= John Scott (physician, died 1859) =

Scottish naval surgeon and physician (1797–1859)

John Scott FRSE FRCPE FRCP (26 January 1797-19 January 1859) was a 19th-century Scottish naval surgeon and physician to Queen Victoria in Scotland.

==Life==
He was born on 26 January 1797 the youngest son of Rev James Scott of Benholm in Kincardineshire.

He studied at Marischal College in Aberdeen graduating with an MA in 1814. He then served an apprenticeship with two separate surgeons in Brechin. Returning for formal medical training he went to London and then the University of Edinburgh.

He joined the East India Company in 1818 as a Surgeon's Mate. He gained his doctorate (MD) in 1820, and was promoted to full Surgeon, making further journeys to the East Indies in 1821 and 1823.

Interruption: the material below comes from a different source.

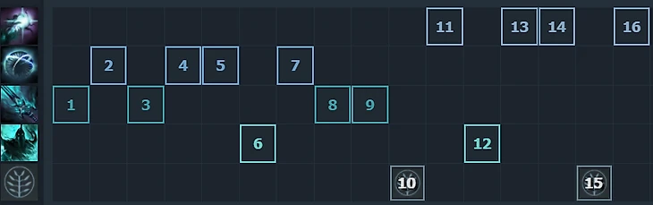 Выбор есть только на десятом уровне – я предпочитаю силу. В остальном мы добираем урон, перезарядку ульты и три атаки на прок проклятья.

In 1824 he settled in Barnes in Middlesex and became successful there.

In 1832 Scott was elected a member of the Harveian Society of Edinburgh and served as President in 1847.

By 1845 he is listed as "Physician to the Queen" (Queen Victoria) and living at 43 Queen Street in Edinburgh's New Town. In this year he was elected a Fellow of the Royal College of Physicians of Edinburgh and also became the official medical examiner for the East India Company. In 1850 he was elected a Fellow of the Royal Society of Edinburgh his proposer being Henry Marshall.

In 1850 he is living at 4 Rutland Street in Edinburgh's West End. He moved back to London around 1851 and had a successful practice in the West End.

In 1854 he began corresponding with Sir George Ballingall. In 1858 he was elected a Fellow of the Royal College of Physicians in London.

He died on 19 January 1859, and is buried in Dean Cemetery in Edinburgh.